• _Data excerpt_
>>>>>
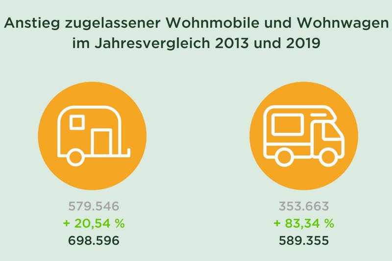 Die Beliebtheit von Campingurlauben zeigt sich auch in den Zulassungsstatistiken von Freizeitfahrzeugen. Insgesamt sind in Deutschland 1.287.951 Freizeitfahrzeuge zugelassen. Ein Plus von knapp 7 Prozent. Im letzten Jahr wurden 53.920 Reisemobile und 26.496 Wohnwagen neu zugelassen. Maximilian Möhrle, der Geschäftsführer von camping.info dazu: "Die neu zugelassen Fahrzeuge drängen zusätzlich zum Bestand auf Europas Camping- und Reisemobilplätze und werden so für ein weiteres Wachstum sorgen." Die Grafik zeigt den Anstieg der zugelassenen Wohnmobile und Wohnwagen im Jahresvergleich 2013 und 2019.
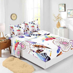 ・カテゴリ: 寝具・スタイル: ボックスシーツ式・テイスト: 北欧風・セット内容: 3点セット・主な素材: 化繊・印染方法: 活性染め・織り方: 磨毛加工・柄: 幾何学模様・花柄: 羽根・カラー展開: ホワイト・サイズ展開: US T...
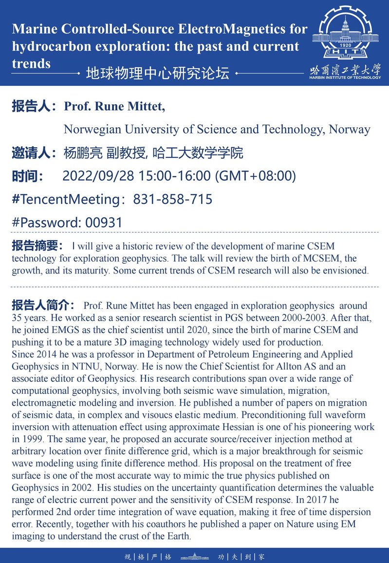 挪威科技大学Rune Mittet教授关于海洋电磁勘探技术的学术报告通知
<<<<<
• _Task_
Please retype the material above exactly, and omit its images.

• _Expected output_
 Die Beliebtheit von Campingurlauben zeigt sich auch in den Zulassungsstatistiken von Freizeitfahrzeugen. Insgesamt sind in Deutschland 1.287.951 Freizeitfahrzeuge zugelassen. Ein Plus von knapp 7 Prozent. Im letzten Jahr wurden 53.920 Reisemobile und 26.496 Wohnwagen neu zugelassen. Maximilian Möhrle, der Geschäftsführer von camping.info dazu: "Die neu zugelassen Fahrzeuge drängen zusätzlich zum Bestand auf Europas Camping- und Reisemobilplätze und werden so für ein weiteres Wachstum sorgen." Die Grafik zeigt den Anstieg der zugelassenen Wohnmobile und Wohnwagen im Jahresvergleich 2013 und 2019.
 ・カテゴリ: 寝具・スタイル: ボックスシーツ式・テイスト: 北欧風・セット内容: 3点セット・主な素材: 化繊・印染方法: 活性染め・織り方: 磨毛加工・柄: 幾何学模様・花柄: 羽根・カラー展開: ホワイト・サイズ展開: US T...
 挪威科技大学Rune Mittet教授关于海洋电磁勘探技术的学术报告通知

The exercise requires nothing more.